The mass \(m\) of a raindrop increases as it picks up moisture during its vertical descent through still air. If the air resistance to motion of the drop is \(R\) and its downward velocity is \(v,\) write the equation of motion for the drop and show that the relation \(\Sigma F=d(m v) / d t\) is obeyed as a special case of the variable-mass equation.

Short Answer

Expert verified
The equation of motion is \( mg - R = m \frac{dv}{dt} + v \frac{dm}{dt} \). This shows that \( \Sigma F = \frac{d(mv)}{dt} \) holds for variable mass.

Step by step solution

01

Understand the Exercise

We are asked to derive the equation of motion for a raindrop gaining mass as it falls. The raindrop has mass \(m\), velocity \(v\), and is subjected to air resistance \(R\). We will show that \(\Sigma F = \frac{d(mv)}{dt}\) holds.
02

Identify Forces Acting on the Raindrop

The two forces acting on the raindrop are gravity pulling it down and air resistance acting upward. If \(g\) is the acceleration due to gravity, the gravitational force is \(mg\), and the air resistance is \(R\), opposing the motion.
03

Write the General Variable Mass Equation

The general equation of motion for a body with changing mass is \( \Sigma F = \frac{d(mv)}{dt} = m \frac{dv}{dt} + v \frac{dm}{dt} \), where \( \Sigma F \) is the net external force.
04

Substitute Forces into the Equation

The net force \( \Sigma F \) is the gravitational force minus the air resistance: \( \Sigma F = mg - R \).
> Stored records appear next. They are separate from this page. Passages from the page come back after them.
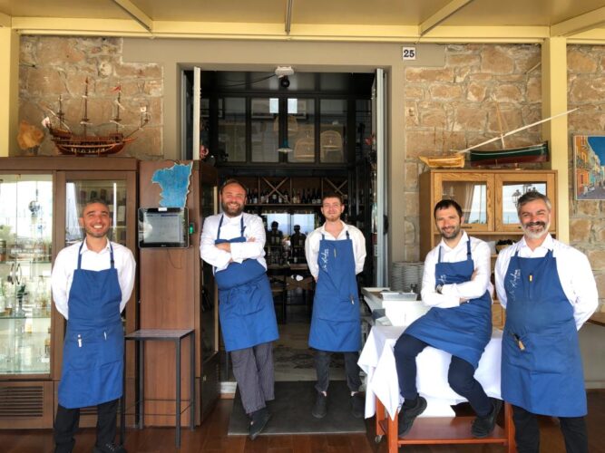 A pochi passi dal porto, la struttura, aperta più che si può, sala e cucina, è ricavata in un palazzo storico che fu sede del sindacato dei battellieri («I battellieri erano stati i primi a organizzarsi in leghe sotto la guida di un socialista piemontese, un medico povero fra i poveri, il dottor Cavallera, il pioniere del socialismo in Sardegna», scrive Giuseppe Dessì) che operò per primo proprio sull’isola di S. Pietro. Ma lo stabile, conosciuto come Palazzo Cavallera, è anche lo stesso del teatro, e, allora, quante suggestioni vengono da tutti i cast di prosa e lirica che si sono messi in gioco su quel palcoscenico! Ed è qui che voglio arrivare: anche Andrea mette in scena un cast, una sua squadra, e ne ricordo quattro in sala, tutti bravissimi. Sembra che quei muri, che trasudano diritti dei lavoratori abbiano inoculato nel suo personale di sala una consapevolezza sindacale sostanziale, non rivendicativa, che vede nella pienezza morale e qualità della guida d’impresa il vero valore che fa crescere il lavoro e porta all’affermazione della professionalità organizzativa: una miscela accorata di competenze, attenzione al cliente, entusiasmo per il prodotto (un vero totem qui, il tonno!) e tanto, tanto rispetto per il bravo capitano storico e anche (“Ed è quasi una magia!” dice Diletto Sapori) per il suo erede e figlio Cristiano, che sta già accumulando il prezioso carisma necessario per la migliore transizione generazionale, sempre fase gravissima in ogni attività economica. E la squadra è anche buon teatro, capacità espressive come nei teatranti. Luca, un esempio originale di maître di sala, lo afferma esplicitamente: “…E lei non ha conosciuto Cristiano, che in questi giorni è a un evento professionale a Porto Scuso, in madre isola…” Diletto, come me, è stupito da quest’affermazione spontanea ed entusiasta: di solito carpiamo al personale critiche più che lodi, soprattutto quando si tratta della seconda generazione, potenzialmente concorrente ai lavoratori professionali per il ricambio futuro al fondatore…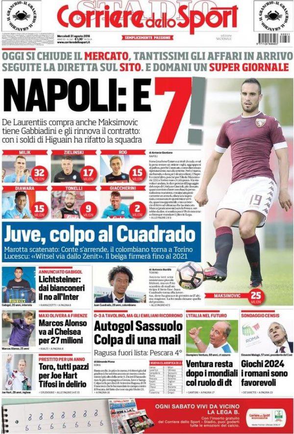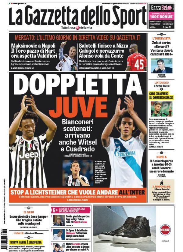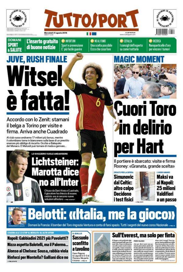 Il Corriere dello Sport celebra l’acquisto di Axel Witsel da parte della Juventus come rinforzo finale per rimpiazzare Pogba ceduto al Manchester United. Tuttosport si concentra in particolare in casa del Torino, l’acquisto di Joe Hart dal Manchester City rappresenta un colpo sensazionale per i granata. In prima pagina anche la convocazione di Belotti in nazionale, Ventura lo ha “promosso” e ora vuole giocarsi le sue chance. Infine la Gazzetta dello Sport oltre a sottolineare il doppio acquisto della Juventus (Witsel e Cuadrado) da spazio all’acquisto di Maksimovic da parte del Napoli e la cessione di Balotelli al Nizza.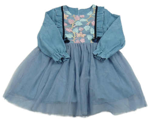 Modré manšestrovo/tylové šaty s kvietkami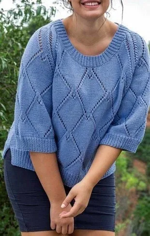 Плотность вязания пуловера: ажурный узор «Ромбы» (спицы № 4,5) – 18 петель на 26 рядов = 10 на 10 см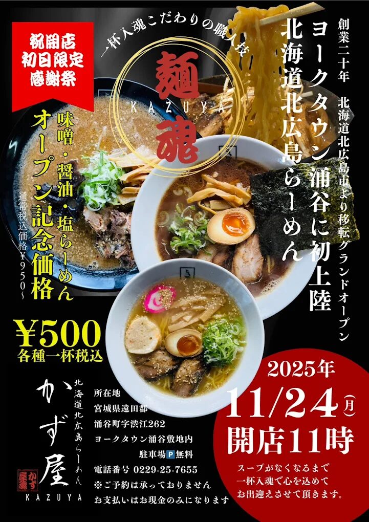 先日11月24日に新しいラーメン店が涌谷町にオープンするぜ!といった記事を書きました。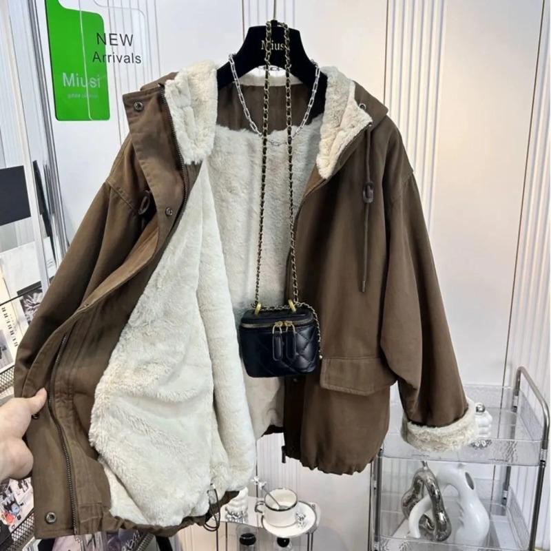 Coats for Women Winter Cotton Oversize Jacket Hooded Thickened Velvet Windbreaker Loose Casual Coat Top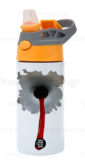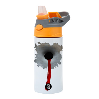 Bullet holes, Children's hot water bottle, stainless steel, with safety straw, Orange/Grey (360ml) BPA-FREE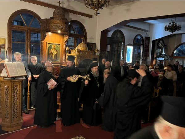 Ο ντυμένος στα χρώματα της Μεγάλης Τεσσαρακοστής Ιερός Ναός επληρώθη απ’ άκρου εις άκρον από τον λίαν ευσεβή Λαό της Ενορίας, με επικεφαλής την Τοπική Σύμβουλο και Πρόεδρο της “Ενσυναίσθησης” κα Εύη Κασαμπαλή.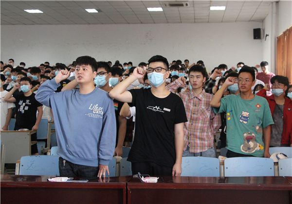 图为党委书记刘生元带领同学宣誓 摄影:冯哲昊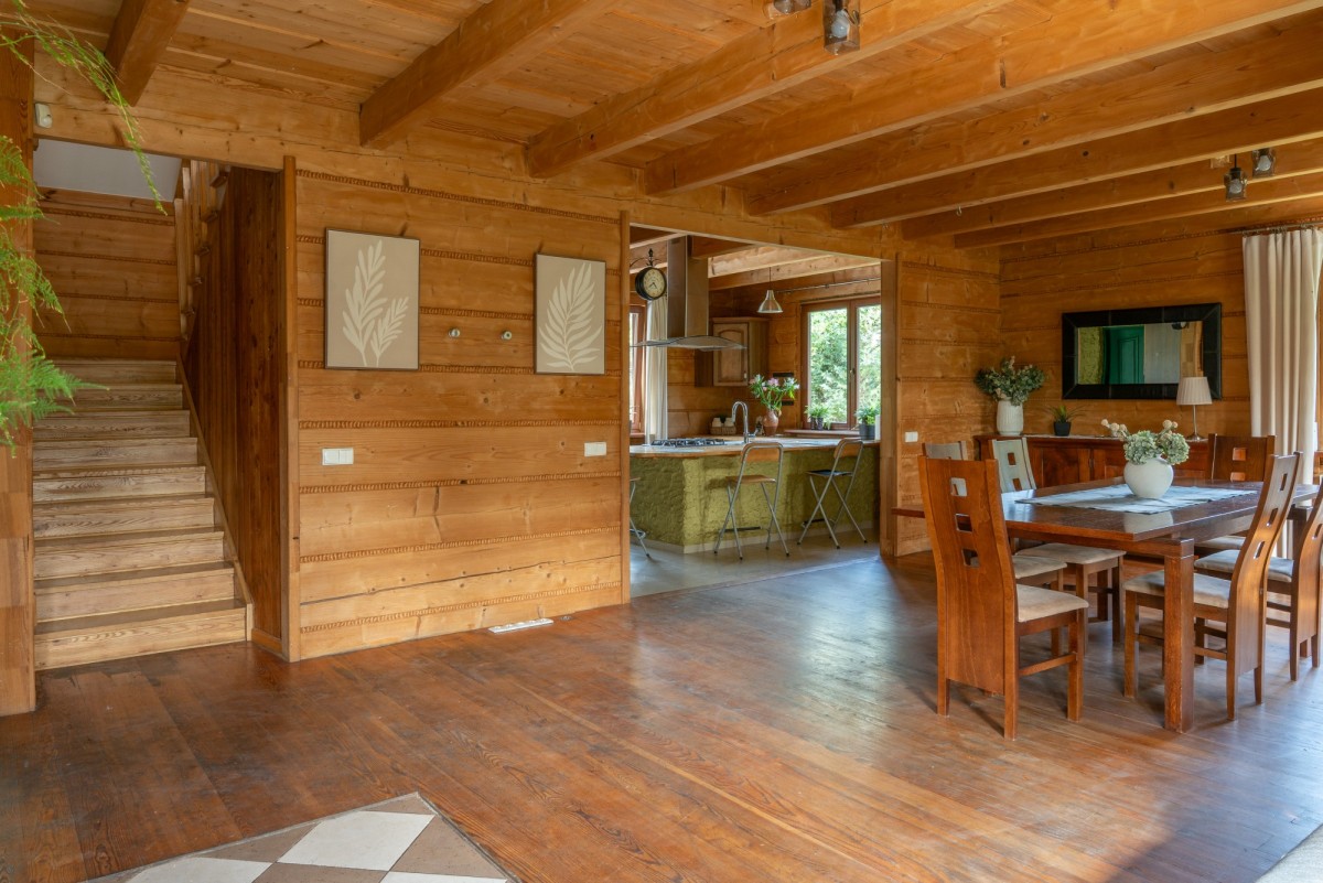 Dom, który wygląda jakby przeniósł się z Podhala lub malowniczej wioski w Holandii – i rzeczywiście, właśnie te miejsca były inspiracją do jego powstania. Taki dom to unikat na Mazowszu, skryty w zaciszu otulonej łąkami i lasem wsi Przypki pod Tarczynem (powiat piaseczyński). Bajeczna bryła zachwyca naturalnością, zdrowym mikroklimatem, ekologiczną technologią i niebanalną estetyką. 180 m2 przestrzeni łączy w sobie cztery przestronne pokoje, duży salon z kominkiem, jasną kuchnię, dwie łazienki, przestronny hol na piętrze stanowiący dodatkowe pomieszczenie, oraz kotłownie. Taki rozkład zapewnia wygodę codziennego życia w niepowtarzalnym stylu. Jeżeli cenisz sobie naturalność, ekologię i marzysz o domu z duszą dla siebie i swoich bliskich – to ta oferta bije inne na głowę!

Substitute this into the equation to get \( mg - R = m \frac{dv}{dt} + v \frac{dm}{dt} \).
05

Simplify and Analyze

The equation \( mg - R = m \frac{dv}{dt} + v \frac{dm}{dt} \) shows the relationship between the forces and the changing mass and velocity. It confirms \( \Sigma F = \frac{d(mv)}{dt} \) as a special case for this system when the mass is variable.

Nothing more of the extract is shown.